From the first entry to the last, restate everything word for word and exclude pictures.
# # # # # # #
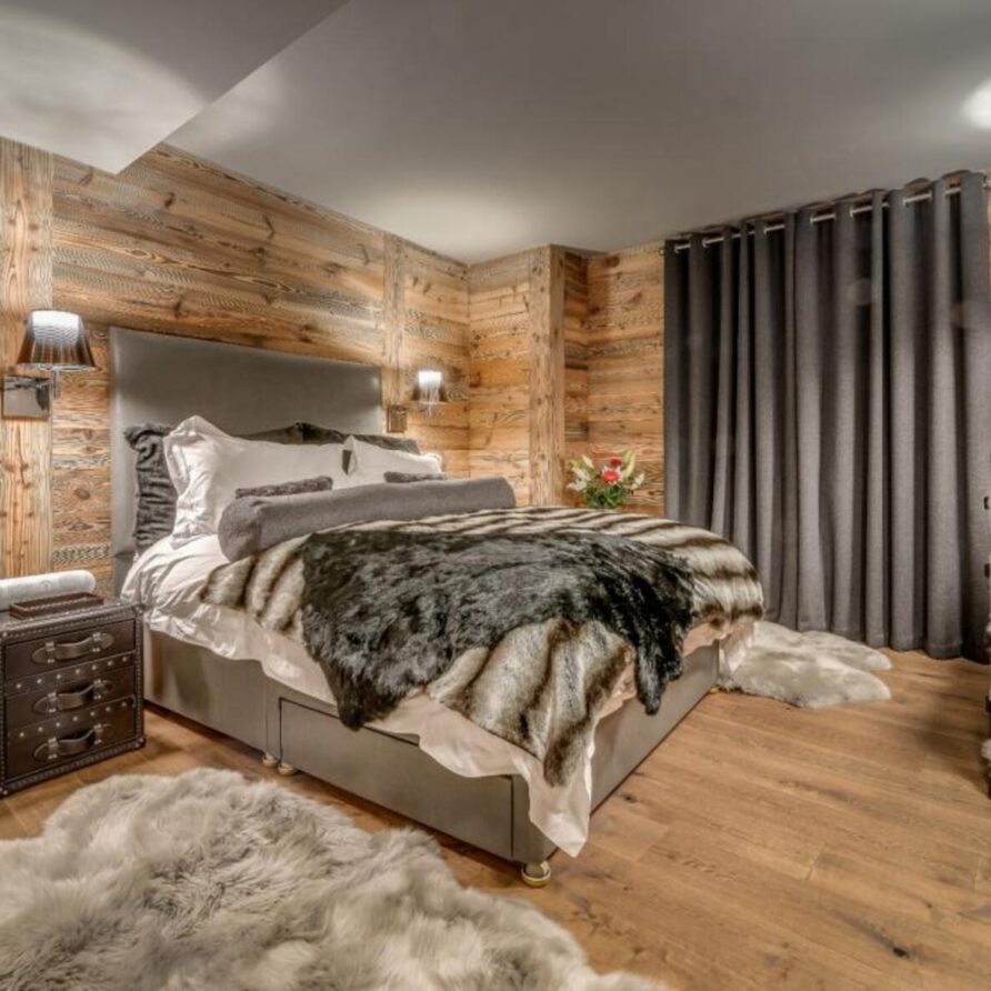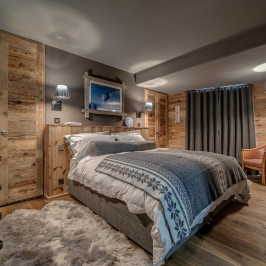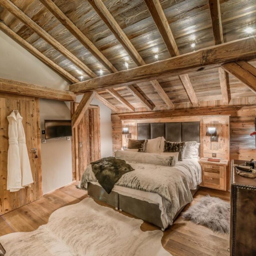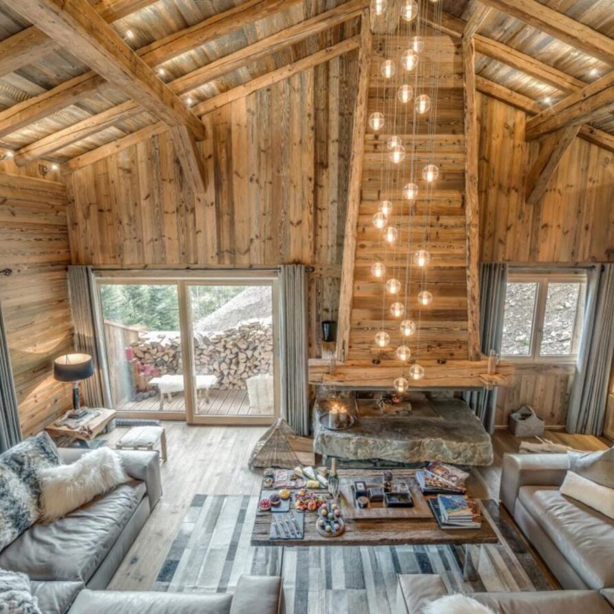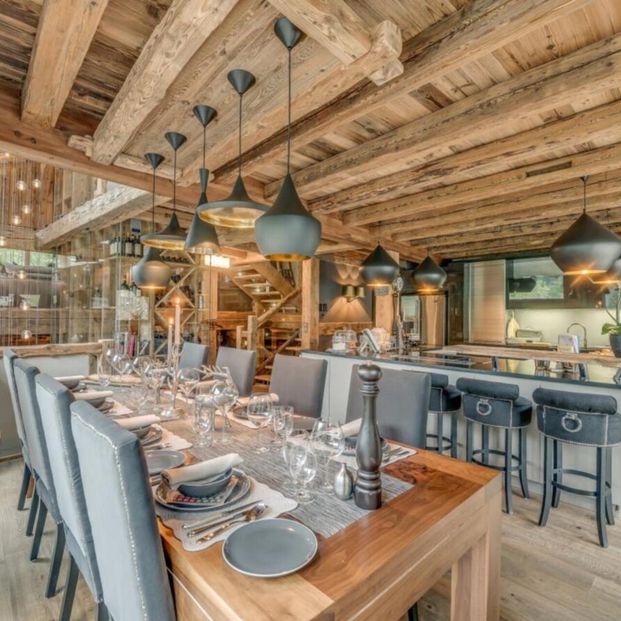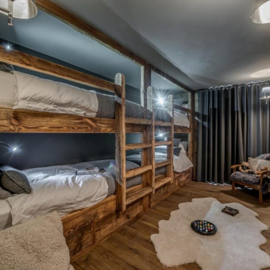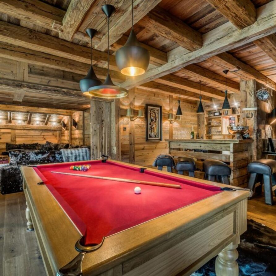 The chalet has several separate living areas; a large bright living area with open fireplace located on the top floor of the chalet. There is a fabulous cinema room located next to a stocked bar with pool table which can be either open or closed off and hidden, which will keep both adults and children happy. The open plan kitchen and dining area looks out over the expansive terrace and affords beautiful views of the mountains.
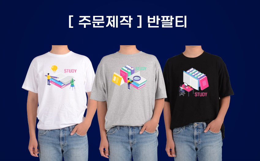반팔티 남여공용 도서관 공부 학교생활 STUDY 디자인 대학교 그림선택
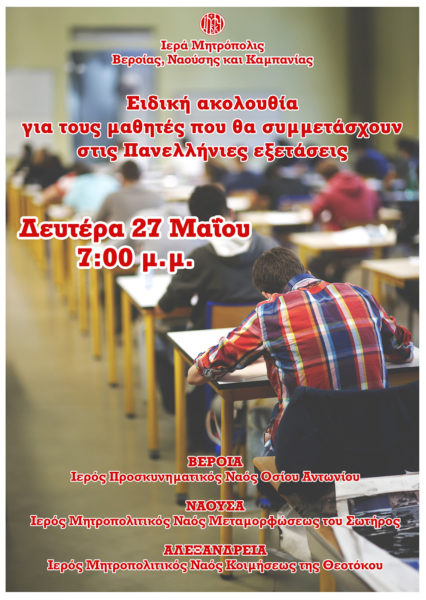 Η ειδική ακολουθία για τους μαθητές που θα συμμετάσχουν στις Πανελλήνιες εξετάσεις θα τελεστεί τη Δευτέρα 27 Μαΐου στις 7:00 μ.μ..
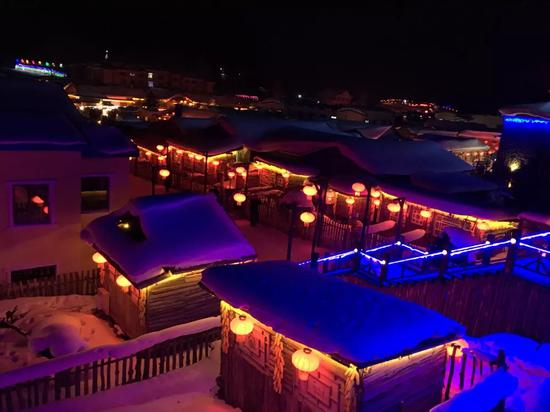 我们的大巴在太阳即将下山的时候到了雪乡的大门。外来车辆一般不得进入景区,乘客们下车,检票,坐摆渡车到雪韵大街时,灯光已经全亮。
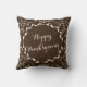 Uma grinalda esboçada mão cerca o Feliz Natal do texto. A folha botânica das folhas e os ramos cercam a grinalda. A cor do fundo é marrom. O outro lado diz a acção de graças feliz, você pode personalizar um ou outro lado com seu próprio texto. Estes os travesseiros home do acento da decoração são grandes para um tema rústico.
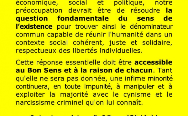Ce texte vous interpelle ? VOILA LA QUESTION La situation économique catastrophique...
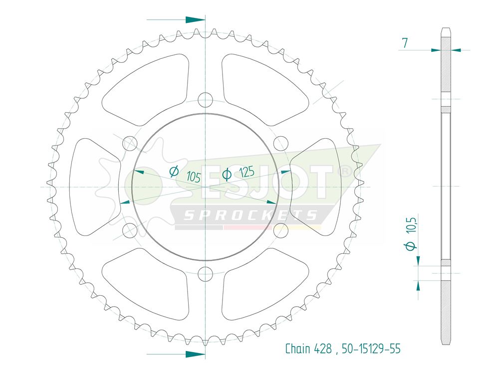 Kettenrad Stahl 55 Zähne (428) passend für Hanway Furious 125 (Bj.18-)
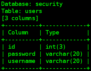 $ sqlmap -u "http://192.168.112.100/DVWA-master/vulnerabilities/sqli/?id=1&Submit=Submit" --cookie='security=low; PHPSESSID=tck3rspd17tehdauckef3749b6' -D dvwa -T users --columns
# # # # # # #
FINAL ANSWER:
 The chalet has several separate living areas; a large bright living area with open fireplace located on the top floor of the chalet. There is a fabulous cinema room located next to a stocked bar with pool table which can be either open or closed off and hidden, which will keep both adults and children happy. The open plan kitchen and dining area looks out over the expansive terrace and affords beautiful views of the mountains.
반팔티 남여공용 도서관 공부 학교생활 STUDY 디자인 대학교 그림선택
 Η ειδική ακολουθία για τους μαθητές που θα συμμετάσχουν στις Πανελλήνιες εξετάσεις θα τελεστεί τη Δευτέρα 27 Μαΐου στις 7:00 μ.μ..
 我们的大巴在太阳即将下山的时候到了雪乡的大门。外来车辆一般不得进入景区,乘客们下车,检票,坐摆渡车到雪韵大街时,灯光已经全亮。
 Uma grinalda esboçada mão cerca o Feliz Natal do texto. A folha botânica das folhas e os ramos cercam a grinalda. A cor do fundo é marrom. O outro lado diz a acção de graças feliz, você pode personalizar um ou outro lado com seu próprio texto. Estes os travesseiros home do acento da decoração são grandes para um tema rústico.
Ce texte vous interpelle ? VOILA LA QUESTION La situation économique catastrophique...
 Kettenrad Stahl 55 Zähne (428) passend für Hanway Furious 125 (Bj.18-)
 $ sqlmap -u "http://192.168.112.100/DVWA-master/vulnerabilities/sqli/?id=1&Submit=Submit" --cookie='security=low; PHPSESSID=tck3rspd17tehdauckef3749b6' -D dvwa -T users --columns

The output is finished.